A case study of rewriting a simple data pipeline involving Python, a pinch of Go, Git workflows, Airflow, Postgres and Cloud. Investigating some common assumptions and principles of designing data pipelines. The benefits and issues with the tools and how these may be handled. I hope this case study of a pipeline rewrite will give you insights that are applicable to Python use for your own data pipelines, and into cloud pricing.
Python, some exposure to cloud. Some basics of databases and data pipeline may be useful.
Get answers to the following options and more, as to what is the cheapest and most maintainable solution for this kind of data pipeline.
The following areas will be covered.
The approach to the architecture and reasons for the rewrite.
Python code for scraping data, along with Soda testing to verify the steps data.
The client data consumption architecture to our Go cloud service
It is complicated! For example, hard disk storage cost should be simple? But it varies based on hardware type, size, throughput, iops, different price depending on zone (us-east2 vs ap-south1 etc.), charges for traffic between regions vs within regions Then there are the backup costs based on its retention size/time, schedule.
Cloud price lists are not small. The full combined price lists for AWS, Google and Azure are 5 million prices.
Review possible data sources and related tools, such as Kubecost, Infracost.io and the cloud providers direct sources.
Often data scientists put together a PoC pipeline without considering cost, it becomes production and starts eating money!

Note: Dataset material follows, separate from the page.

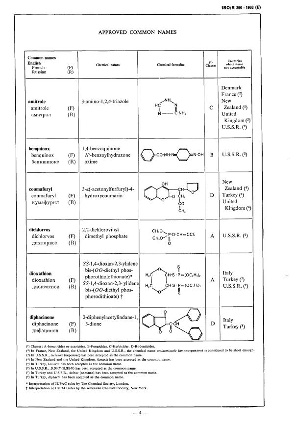 The IS0 Recommendation R 290, Common Names for Pesticides-Fourth List, was drawn

Charges for cloud SaaS are more concealed than raw Cloud PaaS. But it must be assessed too, and they have some interesting pricing. For example if your data pipeline is open source and public, Github workflows are free! If it is private they charge twice as much for compute as using direct Azure.

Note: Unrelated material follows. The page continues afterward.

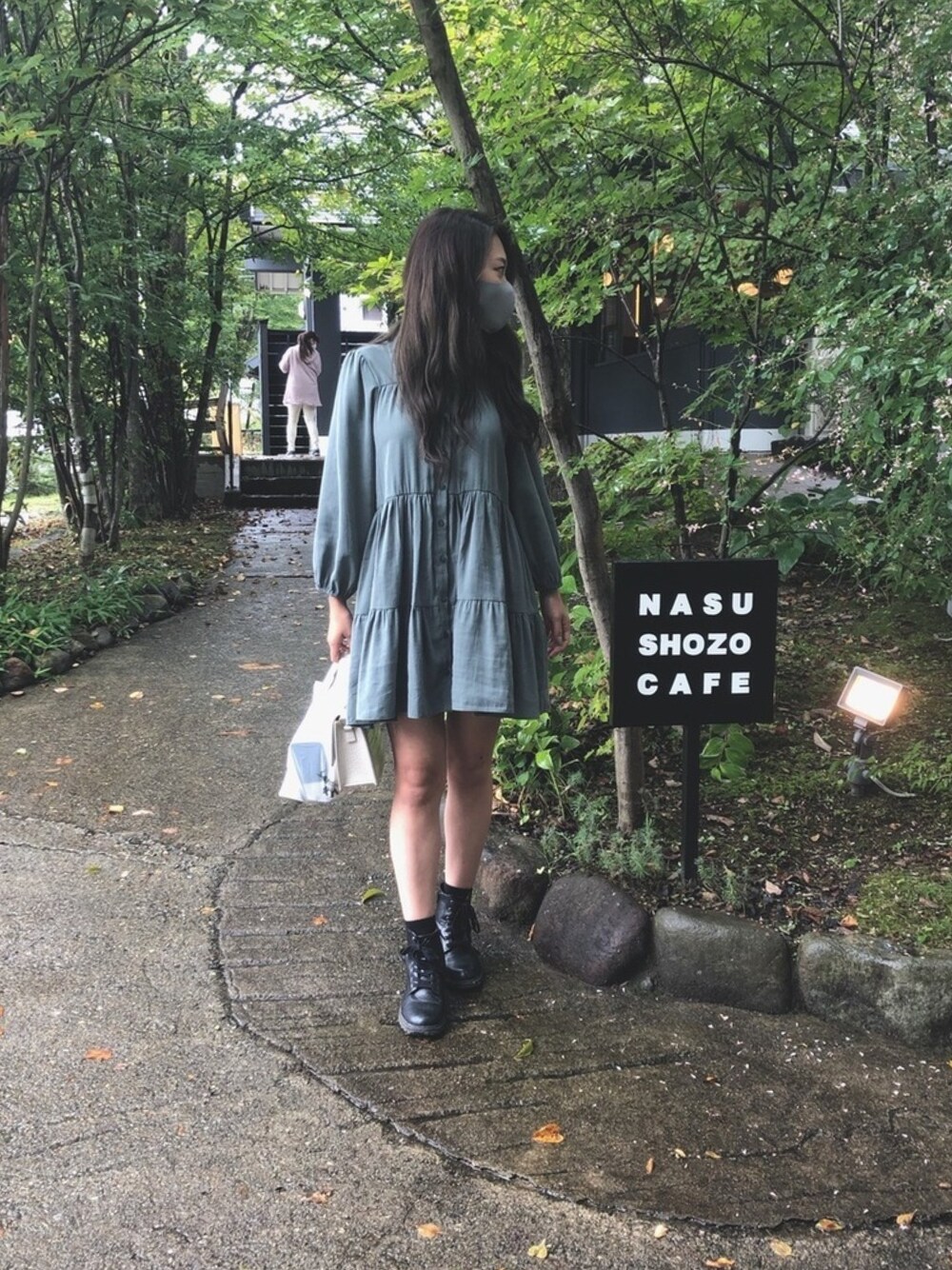 グリーン系のワンピース、ブラック系のブーツを着用したレディースの秋コーディネートの1枚目の写真

Similarly cloud pipeline providers are big in this space, but how does Astronomy SaaS pricing stack up vs. running yourself on cloud PaaS?

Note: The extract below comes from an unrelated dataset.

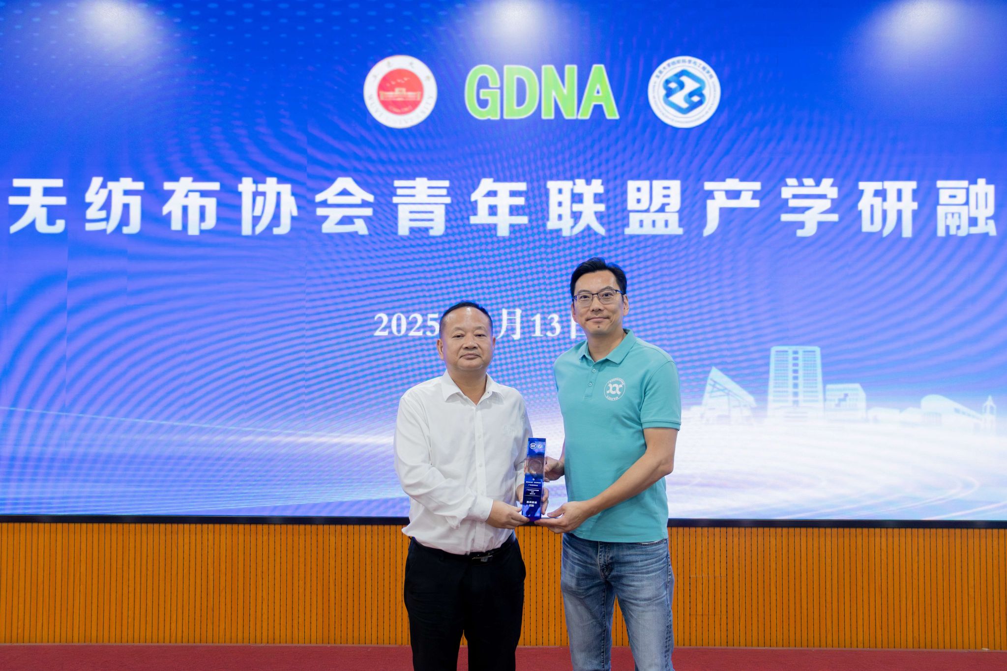 會上,廣東無紡布協會青年聯盟向學校贈送紀念品。

Cloud developer at EDB, the Postgres company. Bristol, United Kingdom
I have been a cloud engineer for the last 9 years. Working in Golang for the last 6, and Python for the last 20 years. Before that I was a web developer. I have spoken at Kubecon, Djangocon.Eu and EuroPython as well as many times at local techie groups, including regularly at my local Golang meetup.
Currently I spend my time developing microservices for EDB's cross cloud Postgres AI product, built on our CNCF kubernetes postgres operator cloudnative-pg. Plus the occasional Python automation. I am interested in improving DevX for the full lifecycle of Cloud development, and the cost and sustainability of cloud use.